De esto se desprende que el fundamento de facto de la reivindicación del sultán otomano es el mejor. La comunidad musulmana debe tener un líder; éste es el mayor musulmán que gobierna a los musulmanes; él reclama el liderazgo y lo mantiene. Si el gobierno inglés se convirtiera en musulmán, los musulmanes se unirían a él. El fundamento de la elección no significa nada, la nominación poco más, excepto para los anticuarios; la posesión de las reliquias proféticas es un sentimiento que sólo tendría peso en la multitud; ningún abogado canónico lo insistiría seriamente. La tutela de los dos Harams es precaria. Un revés turco en Siria retiraría a todos los soldados turcos de Arabia y las grandes familias sari de La Meca, todas de sangre del Profeta, proclamarían un califa de entre ellas. En la actualidad, sólo la guarnición turca las mantiene bajo control.

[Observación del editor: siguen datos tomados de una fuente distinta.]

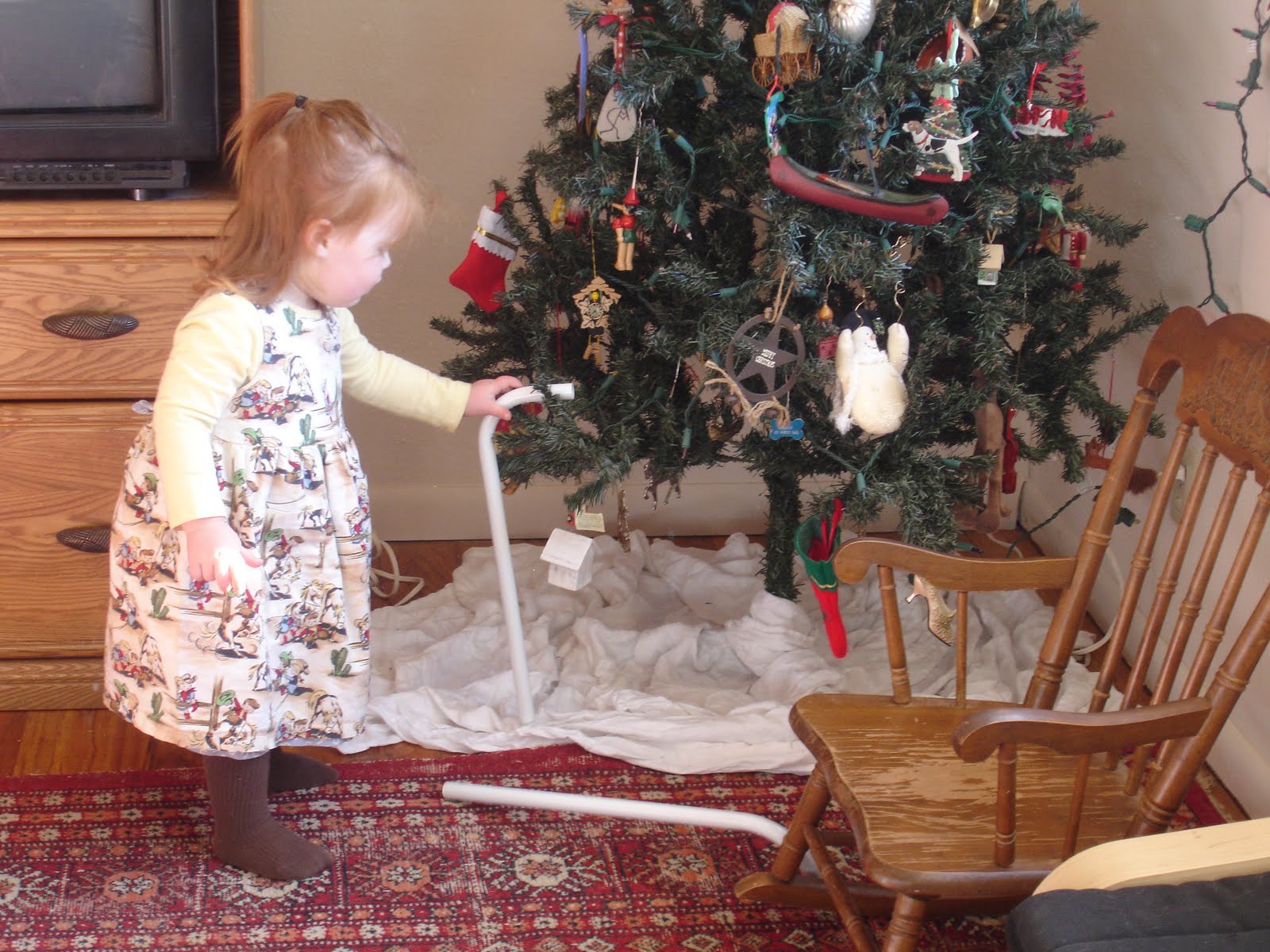Maggie’s New Year resolution: to sleep in a big girl bed. We bought a railing for our current guest bed and Maggie and I put it together in preparation for moving the whole thing into her room. That’s her trying to hang parts of the safety railing on the tree like candy canes. So far she’s been playing on her new bed every day and we talk about how it will become hers pretty soon. She likes to pretend to sleep on it and have me cover her up with blankets. So we’re on our way I think.

Pero un califa tiene responsabilidades. No puede convertirse en un monarca constitucional en el sentido que tenemos hoy en día. Gobierna según la ley —la ley divina— y el pueblo puede deponerlo si la infringe; pero no puede crear una asamblea constitucional fuera de sí mismo y otorgarle derechos contra él. Es el sucesor de Mahoma y debe gobernar, dentro de ciertos límites, como un monarca absoluto. Tan imposible es el califato moderno, [59] y tan gigantescas son sus responsabilidades. Los millones de musulmanes chinos lo miran a él y a todos los musulmanes de Asia central; los musulmanes de la India que no son chiítas también lo miran a él. Así también, en África y en cualquier parte del mundo adonde ha ido el pueblo de Mahoma, sus ojos se vuelven hacia el Bósforo y el Gran Sultán. Esto es lo que se ha llamado el movimiento panislámico moderno; es un hecho moderno.
La posición de las otras sectas musulmanas ya la hemos visto. Entre los gobernantes chiítas, están los imamitas en Persia; los zayditas dispersos todavía en el sur de Arabia y fugitivos en África; extraños grupos secretos de ismailitas —drusos, nusayritas, asesinos— que todavía se mantienen en los rincones de las montañas, olvidados por el mundo; los más antiguos de todos, los jerifes de Marruecos, que son sunitas y anteceden a todas las diferencias teológicas, manteniéndose sólo por la sangre del Profeta. En Zanzíbar, Uman y Mzab en Argelia están los descendientes de los jariyitas. Probablemente, en algún lugar u otro, hay algunos descendientes fosilizados de cada secta que ha surgido, ya sea para perturbar la paz del Islam o para salvarlo de la decrepitud y la muerte escolásticas. Las insurrecciones y las herejías tienen sus propios usos.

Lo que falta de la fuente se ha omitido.